When it comes to learning about exoplanets, or planets beyond our solar system, the James Webb Space Telescope is providing more information than ever before. Over the last decade or so, thousands of exoplanets have been discovered, with details available about these worlds, such as their orbits and their size or mass. But now we’re starting to learn about what these planets are actually like, including details of their atmospheres. Webb recently investigated the atmosphere around exoplanet 55 Cancri e, finding what could be the first atmosphere of a rocky planet discovered outside the solar system.

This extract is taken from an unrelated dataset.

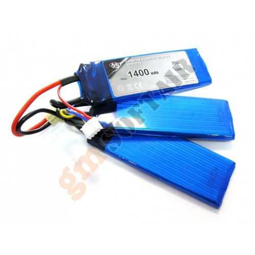 Batteria LiFe PO4 9.9V x 1400mAh 25C.Dimensioni: 100x35x6mm (x3).Necessita di carica batterie dedicato.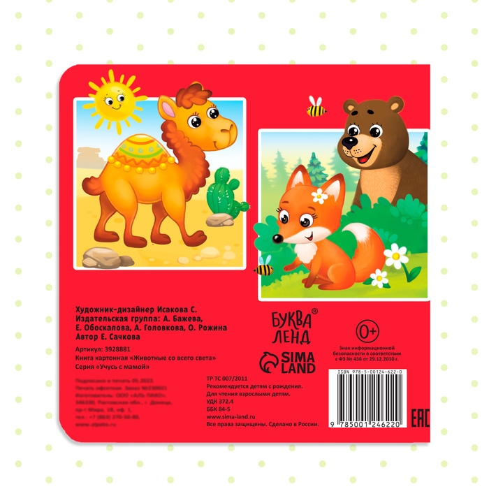 Картонная книга «Животные со всего света» — это идеальный выбор для развития любознательности вашего малыша! Красочная и познавательная книга для малышей, которая познакомит ребёнка с животными разных континентов.

The planet in question, 55 Cancri e, isn’t a welcoming place. The star that hosts it is sun-like, but the planet orbit is so close to it, at just 1.4 million miles away, that its surface is likely to be a bubbling ocean of magma. It’s even known as the “hell planet.” But despite the extreme conditions there, astronomers have long wondered if the planet could host an atmosphere or if it is too hot and bombarded by too much radiation.

“I’ve worked on this planet for more than a decade,” said co-author of the new research, Diana Dragomir of the University of New Mexico, in a statement. “It’s been really frustrating that none of the observations we’ve been getting have robustly solved these mysteries. I am thrilled that we are finally getting some answers!”

It’s harder to spot atmospheres around rocky planets than around big, puffy gas giants because they are thinner, but researchers using Webb’s NIRCam (Near-Infrared Camera) and MIRI (Mid-Infrared Instrument) were able to see indications of a volatile-rich atmosphere, indicating there could be carbon monoxide or carbon dioxide.

The researchers also found that the side of the planet that faces its star, called the dayside, is cooler than expected. That suggests that heat is being transferred to the cooler nightside, possibly by an atmosphere. Now the question is how that atmosphere formed, as the extreme temperatures would likely have stripped away any gases present when the planet formed. The atmosphere could be forming from gases coming up from inside the planet, the researchers theorize.

“The primary atmosphere would be long gone because of the high temperature and intense radiation from the star,” said co-author Aaron Bello-Arufe of NASA’s Jet Propulsion Laboratory. “This would be a secondary atmosphere that is continuously replenished by the magma ocean. Magma is not only crystals and liquid rock, there’s a lot of dissolved gas in it, too.”

The research is published in the journal Nature.